This blog is about the story of my family here in America. We arrived in the 1630s as Puritans, and became the common folk of the New World.

What the Puritans thought of Halloween


My family, the Puritans, didn't think of Halloween at all. It was just one of the many things that the Protestants had left behind, along with Popes, Priests, Saints, and all of the Catholic ritual of the Church of Rome and the Church of England. My family lived in a world immersed in their faith, every day, every hour, every minute. Their faith was not to be celebrated on holidays, it was to be celebrated with every breath they took. And if you can understand that, you can understand their attitude toward holidays such as Christmas and Thanksgiving. It was just another day to them. Just another holy day.

But, as Cotton Mather wrote in the The Magnalia Christi Americana, (The Glorious Works of Christ in America), in 1702, things started to go terribly wrong almost right away with the glorious hopes of the Puritans in America. During the declension, the high ideals of the Puritans became the horror of the fear of the devil.

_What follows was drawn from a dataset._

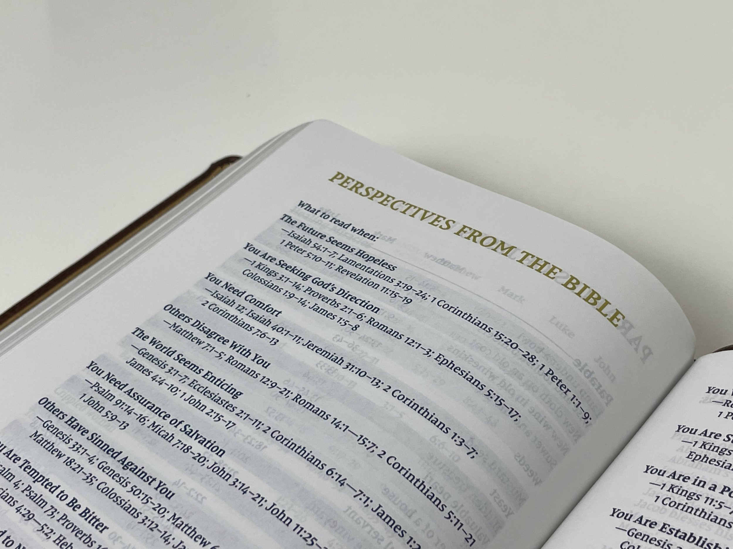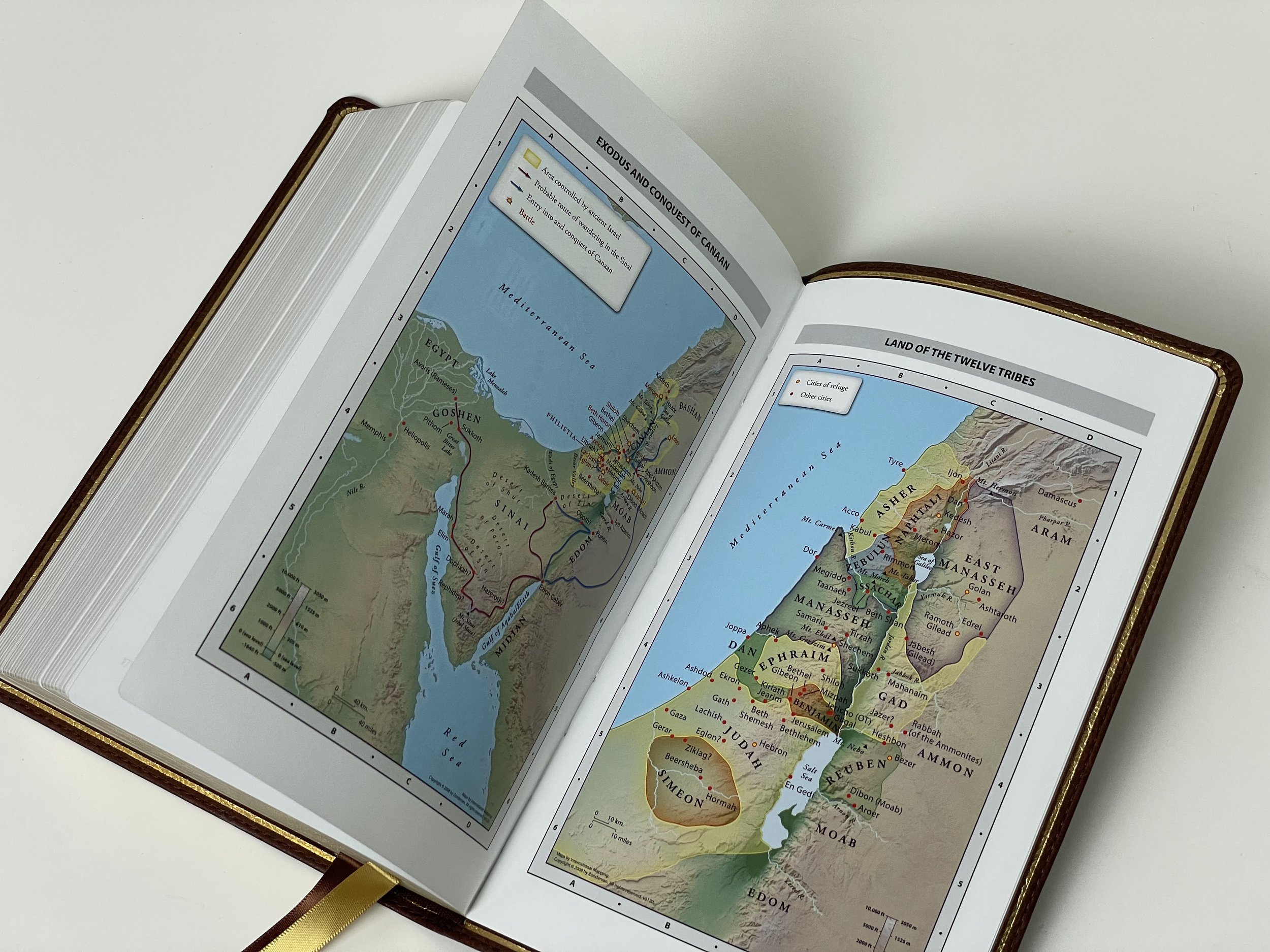 In the back, you’ll also find some helpful tables including “The Miracles of Jesus” and “Prayers of the Bible.” There are also several full color glossy maps, which I could gladly do without.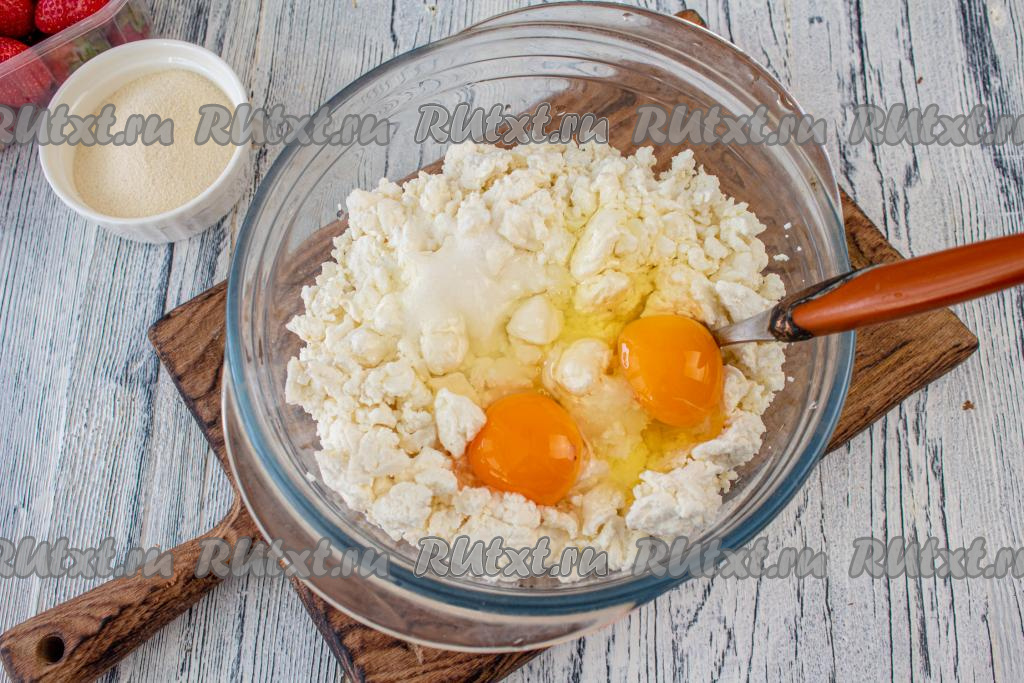 В достаточно объёмную миску выложите творог, добавьте сахар и куриные яйца, перемешайте массу вилкой до однородности.

Salem, Massachusetts, was to be the new Jerusalem, but instead it has gained notoriety for The Salem Witch Trials. And yes, the Puritans were to blame for deaths of many innocent people who were accused of witchcraft. So instead of building a city on a hill, the Puritans attacked. My 13th Great-Grandfather, the Reverend Samuel Stone, was an early attacker. He prosecuted one of the earliest witchcraft trials in Connecticut in 1646.